On 3 January, under cover of darkness, the US launched ground strikes on Caracas, kidnapping Venezuelan President Nicolas Maduro and his wife, National Assembly deputy Cilia Flores. Over 100 were killed in the attack including 32 Cuban soldiers and 39 Venezuelan soldiers who died defending Maduro. Over 40 civilians were killed as bombs dropped on apartment blocks whilst residents were sleeping. This followed months of criminal airstrikes on Venezuelan and Colombian fishing boats and the imposition of a naval blockade.
This is a war for oil. In December, Donald Trump demanded Venezuela return ‘all of the oil, land and other assets’ he alleged were ‘stolen’ from the US under nationalisations in the early 2000s. The US has since seized seven oil tankers that were trading with Venezuela and the first $250m US sale of Venezuelan crude went to Vitol, whose executives donated $6m to Trump’s 2024 Presidential campaign. This is also a war for domination against Latin American integration and against any state that resists imperialism, seeks to control its own resources or proclaims its commitment to building socialism.

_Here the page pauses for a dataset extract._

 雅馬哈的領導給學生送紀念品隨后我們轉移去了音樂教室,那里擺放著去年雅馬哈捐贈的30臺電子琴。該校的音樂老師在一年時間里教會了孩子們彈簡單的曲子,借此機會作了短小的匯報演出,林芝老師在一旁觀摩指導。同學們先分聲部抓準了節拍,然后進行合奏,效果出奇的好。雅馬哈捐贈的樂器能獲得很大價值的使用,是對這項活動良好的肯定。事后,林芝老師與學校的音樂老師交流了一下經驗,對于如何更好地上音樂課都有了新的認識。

The US National Security strategy released in November 2025 explicitly states ‘the United States will reassert and enforce the Monroe Doctrine to restore American pre-eminence in the Western Hemisphere, and to protect our homeland and our access to key geographies throughout the region.’ To this, Trump has added what he has arrogantly termed the ‘Trump corollary’, declaring war on ‘narco-terrorists, cartels… (and) hostile foreign incursion’. The US is threatening the entire region: Cuba, Nicaragua, Colombia and Mexico are in the cross hairs.

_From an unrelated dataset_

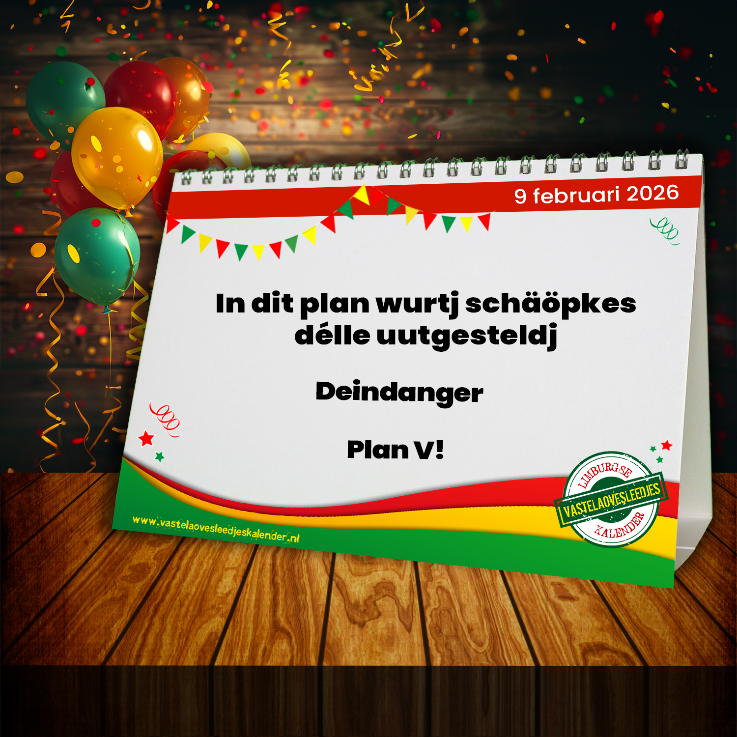 Iedere dag opnieuw verschijnt er een leuke of opmerkelijke zin uit een van de schitterende vastelaovesliedjes die ons Limburg rijk is. Laat je dagelijks verrassen. Natuurlijk is de kalender ook te volgen op Facebook en Instagram!

Incarcerated in New York and facing bogus charges of narco-terrorism and possession of weapons, Maduro and Flores have declared their innocence, proclaiming they are prisoners of war. Maduro reaffirmed that he is the President of Venezuela, making a victory sign whilst in handcuffs – a symbol of resistance that has gone viral. Contrary to the gutter press portrayal of an ‘authoritarian dictator’, huge protests have erupted across Venezuela, day after day demanding the return of their democratically elected president and respect for Venezuela’s sovereignty. Here in imperialist Britain, coverage of these mass mobilisations of working-class Venezuelans has been totally suppressed; popular support for the Bolivarian revolution simply doesn’t fit the narrative of the mainstream media, be it the pro-establishment BBC or the ‘liberal’ Guardian.
Maduro’s deputy, Vice President Delcy Rodriguez, was sworn in as acting president. She immediately pushed forward the mass campaign demanding the return of Maduro and Flores, calling for people to continue to take to the streets and putting plans in place to secure the Venezuelan economy.
In the hours that followed, Trump posted a picture of himself titled ‘President of Venezuela’, declaring that US now controls all Venezuelan oil sales. A torrent of claims of betrayal, treason, chaos and division in Venezuela flooded the imperialist media. Countering the sensationalist propaganda, Rodriguez declared ‘we are nobody’s colony’ and ‘we have the right to have diplomatic relations with China, Russia, Iran, Cuba, with all the peoples of the world…We are a sovereign nation… Let the empire know, Vene-zuela’s energy relations will continue to grow.’ In the weeks following, Venezuela has reaffirmed the sovereignty and resolve of Chavismo and the Bolivarian process, with mass shows of unity between the people, the military and the government.
Nevertheless, Trump’s naval blockade, supported by Britain’s armed forces, has forced two Chinese supertankers bound for Venezuela to turn back. Holding the nation at gun point, with the world’s largest aircraft carrier, the USS Gerald R Ford, still menacing the Caribbean, whether the US will allow Venezuela to independently trade oil with anyone else remains to be seen.